Once I’ve vacuumed up all of that information, I refine and process it until I’ve narrowed it down to what seems to be the fundamental essence or character of the place. I’m trying to find a story to a certain extent; I’m asking myself, “What is the story here? What do people care about?” Once I’ve homed in on what strikes me as a traveler, what’s making me feel excited or exhilarated or intrigued, I try to find out as much as I can about it.
I’m also a proponent of following serendipity, letting myself be pulled in different directions. When a local says, “Oh, there’s this incredible festival going on this weekend in that village over there that nobody knows about,” you should probably jettison the itinerary you thought you had meticulously planned on the airplane and go there instead. Inevitably something amazing happens.
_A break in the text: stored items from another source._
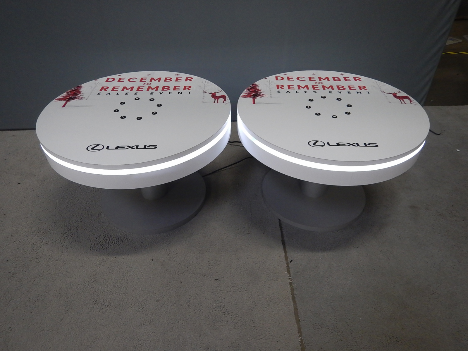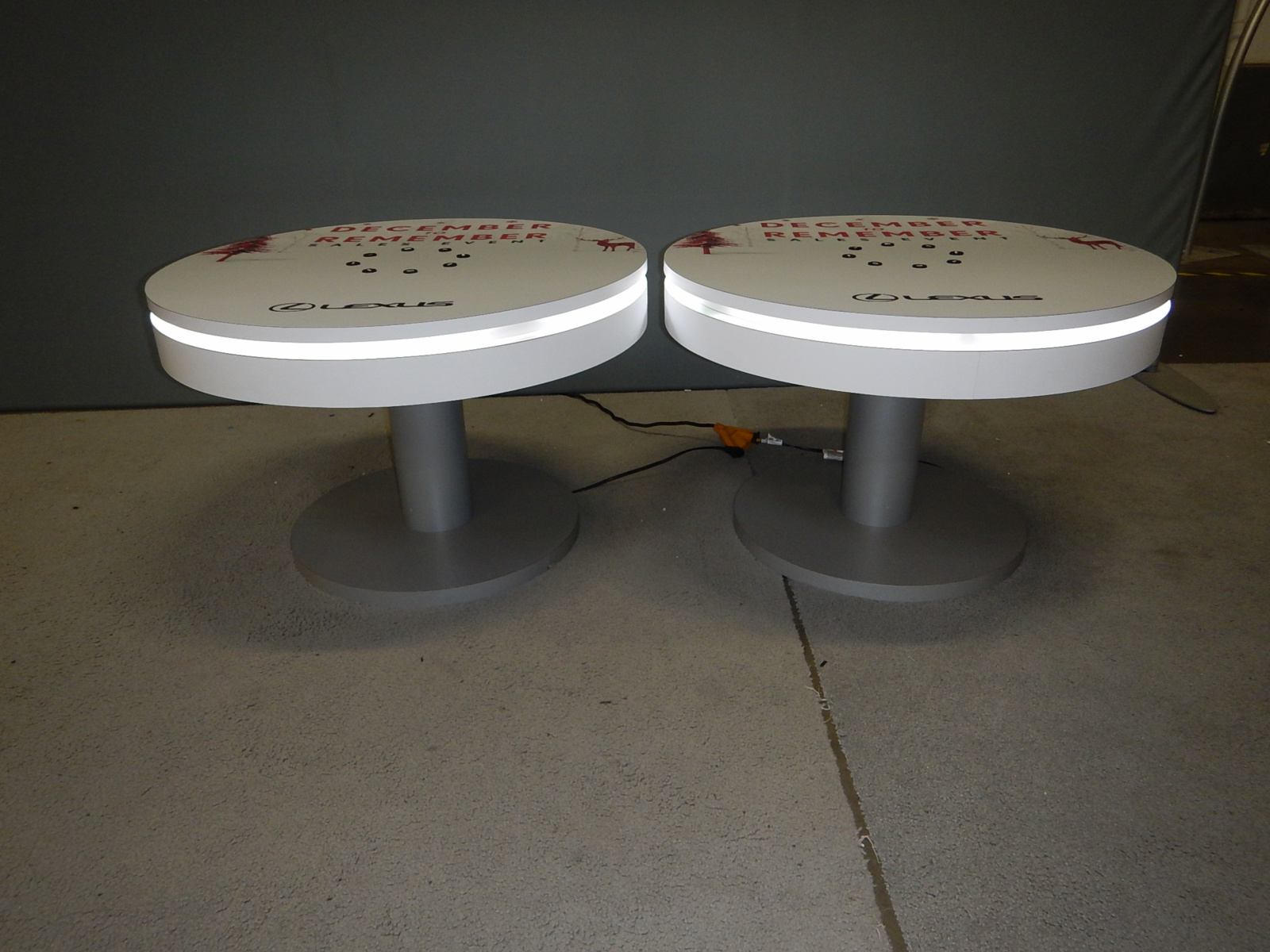 RENTAL: (2) RE-702 Charging Station Tables with 36 in. Diameter Top with RGB Adjustable LED Halo Lighting and (8) USB Ports, and Top Surface Graphics.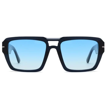 Customized Logo Double Bridge Acetate Large Frame Sunglasses Trendy Sunlight Blocking UV Protection with Solid Pattern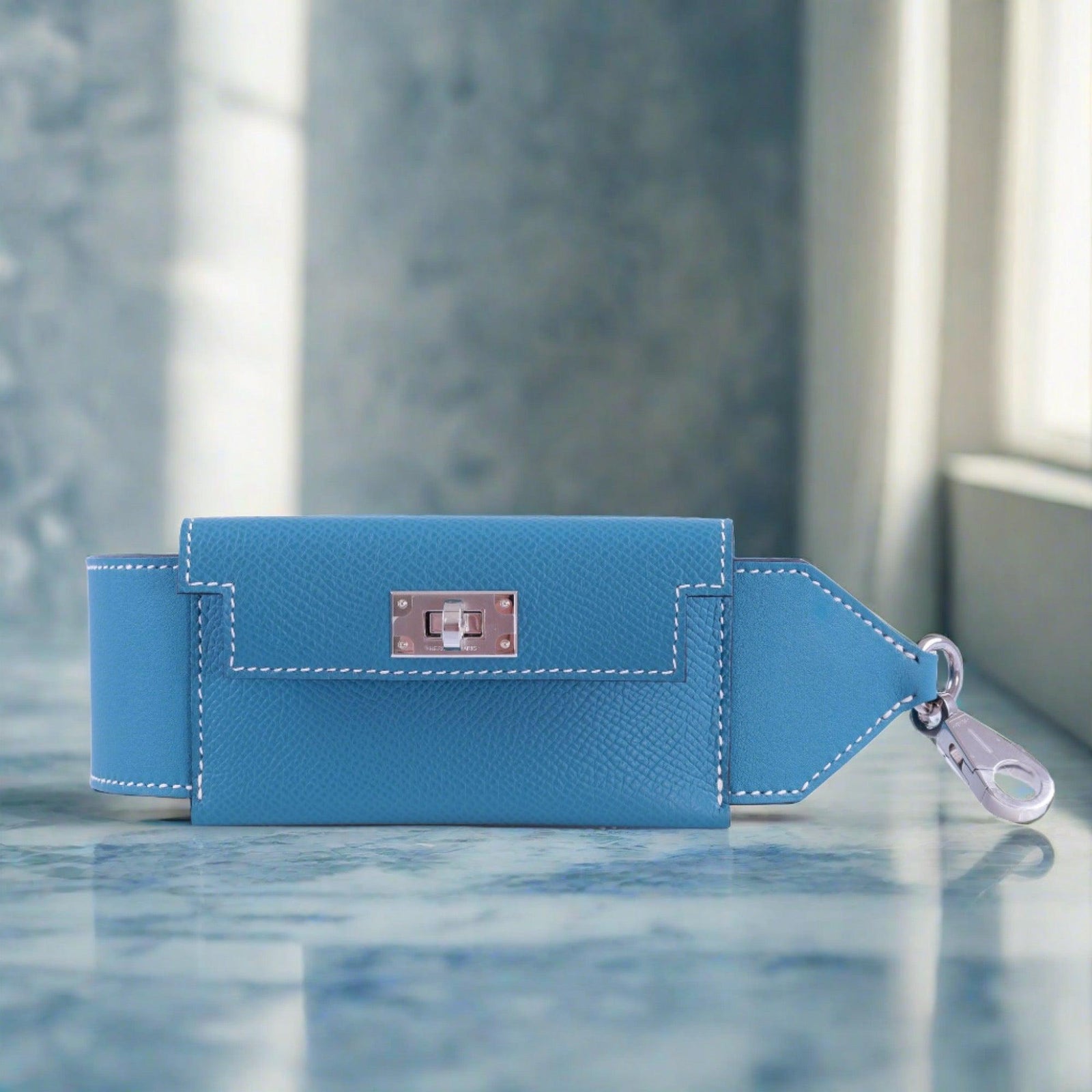 Hermès Kelly Pochette Pocket PM Strap Blue Jean Swift and Epsom Palladium Hardware

LTM: What’s your approach when it comes to interviewing people?
DG: I always think of stories as paths leading to a point, or to a lesson. Every part of your story, every anecdote, is a stone that leads the reader towards the ultimate destination. You go to a place and spend a week there and you have a thousand potential stepping-stones, but you end up choosing five or six because those are the most important ones.
I put interviews in the same category; they’re stepping-stones, too. I interview people who, in one way or another, are engaged in the story that is unfolding in front of me. I try to get at the piece of their story that fits with my story and will help move it along.
You may spend 45 minutes or an hour to get one paragraph, but that paragraph could be critical to your piece. The ratio of time spent to return on investment is really low, but it’s really important to do that work. Writers — even veterans — spend a whole lot of time doing things that don’t end up in the story, but that doesn’t mean it’s wasted time. It all somehow feeds subliminally into the story and helps make it work.
The one thing I find irksome about interviews is the transcription process where you are listening and having to write down. I usually listen to the entire recording, and when I have a good sense of what piece of the interview I’m looking for, I’ll only transcribe the two or three pieces that seem to fit the story I am writing and let the rest of it go.